Joan Durrant, a professor in the department of Family Social Sciences at the University of Manitoba in Winnipeg, adds that we need to step back and decode our kids’ behaviour before exploding in a reactionary way. “Parents need to understand the real reasons behind children’s behaviour and not simply interpret it as defiance. As adults we need to work on our own self-regulation so that we can help kids with theirs.”

Durrant’s advice has worked for Michelle Baxter, a mother of two kids, now 13 and 8, in Newmarket, Ont. Baxter vowed to change her own behaviour and break her yelling habit after she realized her children were scared of her. “They were walking on eggshells around me, and they worried about what might set me off.” She discovered that one of the biggest triggers for her was when her kids were whiny, and that the whining usually boiled down to one thing: attention. “Instead of yelling at them for whining, I asked why they were whining. Were they really hungry or bored? Usually the answer was no. If I stopped what I was doing for 15 minutes to read a book or play Lego with them, the whining stopped.” Baxter’s additional strategies for yelling less are pretty simple: Before flying off the handle, inhale and exhale while you reflect, even for a split-second, about whether this particular aggravation or infraction is worth shouting about. “Taking time to step back is huge,” she says. “If I just take a moment and breathe—and think about whether the battle is worth fighting—chances are, I won’t yell.”

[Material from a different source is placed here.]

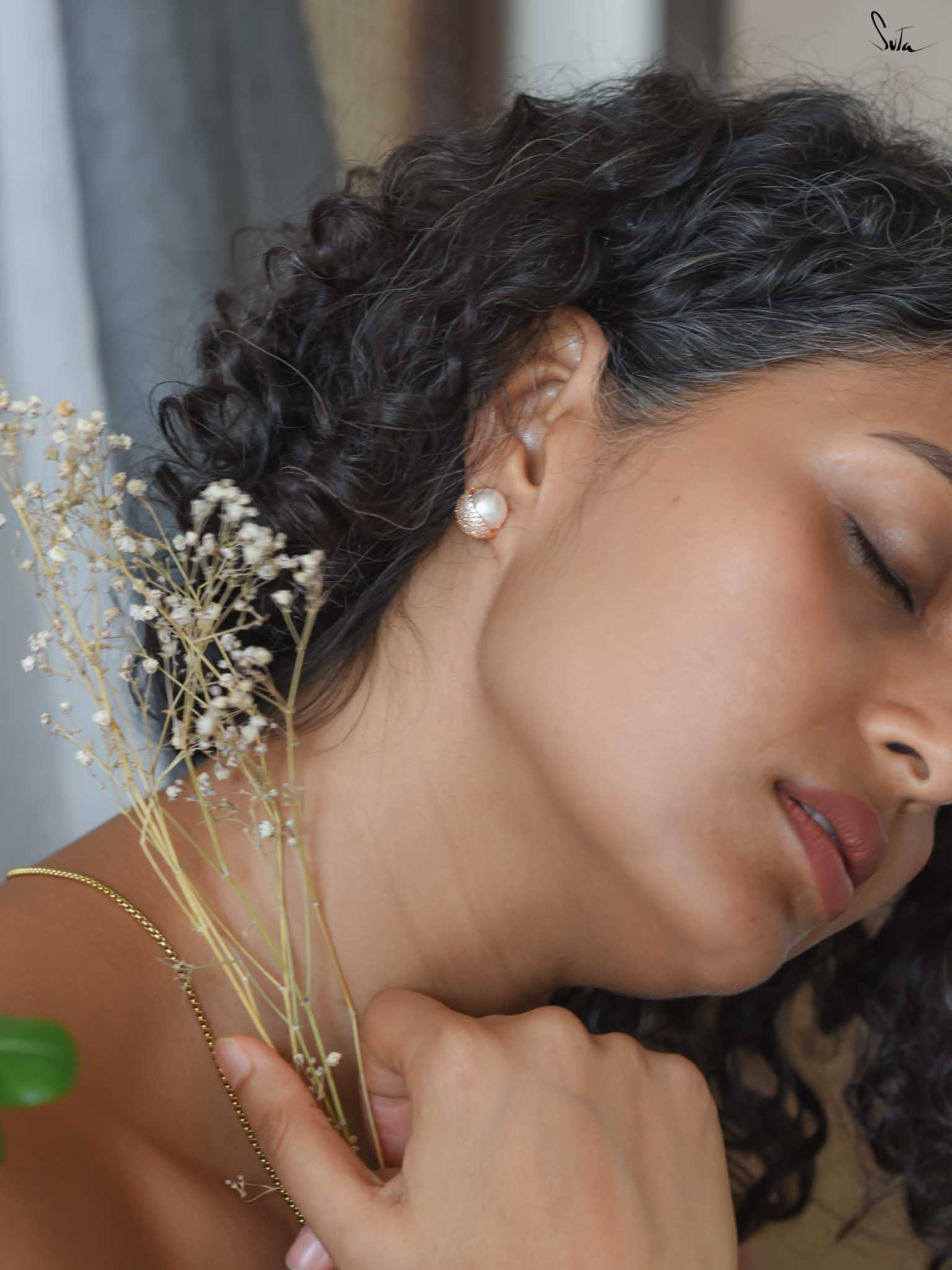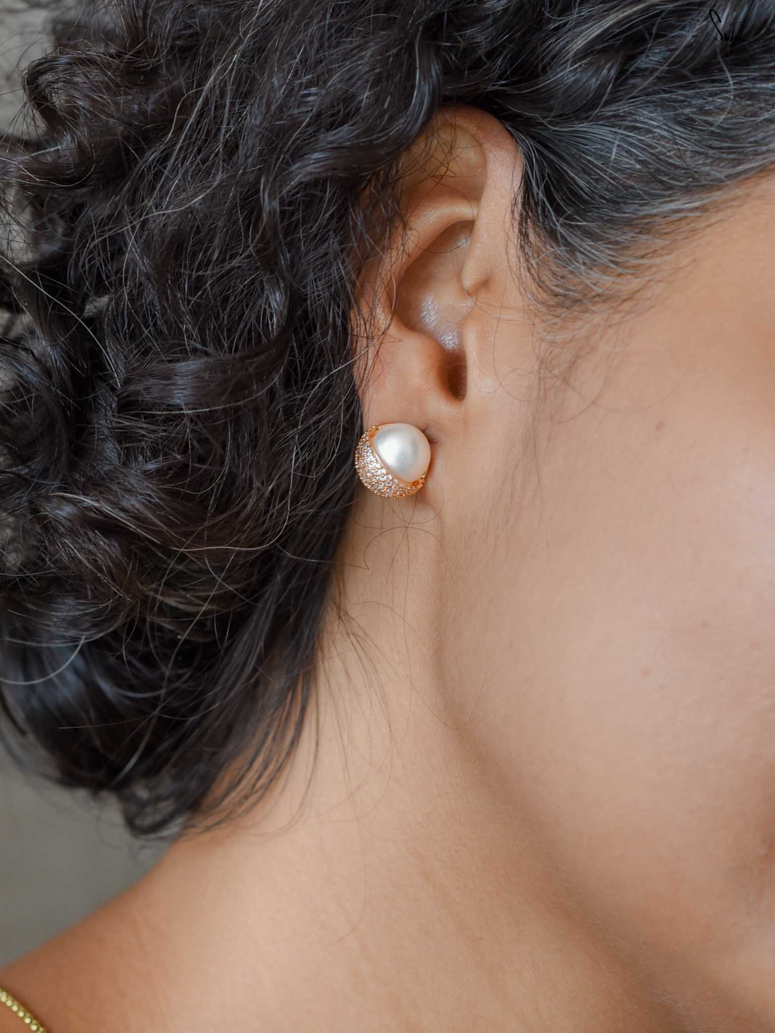 Sterling silver earrings with a micro-gold finish, pearl & AD, screw closure. Love that shows presence in its purest form. Charming, bold, and fully focused. For days when you’re confused about what to wear?

For me, one particularly wrath-fuelled episode weighs on my guilty conscience: I once went into a screaming, Disney-villain-like rage when my two girls turned the freshly cleaned bathroom into a sopping-wet mess while brushing their teeth. I worried I’d scarred my poor kids for life with my accidental outrage (for which I eventually apologized, and explained to them why I lost my cool). But Cristina assures us there are positives to these situations. “If kids see that we get angry sometimes, but that we are also able to calm ourselves and come to a point of rational thought, this is good modelling. It also shows children that the people who love them the most can still disapprove of their behaviour.”

So don’t beat yourself up too much for flipping your lid—Cristina says all parents yell, and as long as it’s not frequent or belittling, it isn’t necessarily damaging. “Children need to see that their actions have an impact on others, and they need to understand that their parents can feel and express a full range of emotion. And parents have to be forgiving of themselves, because raising kids is a tough job. We’re only human.”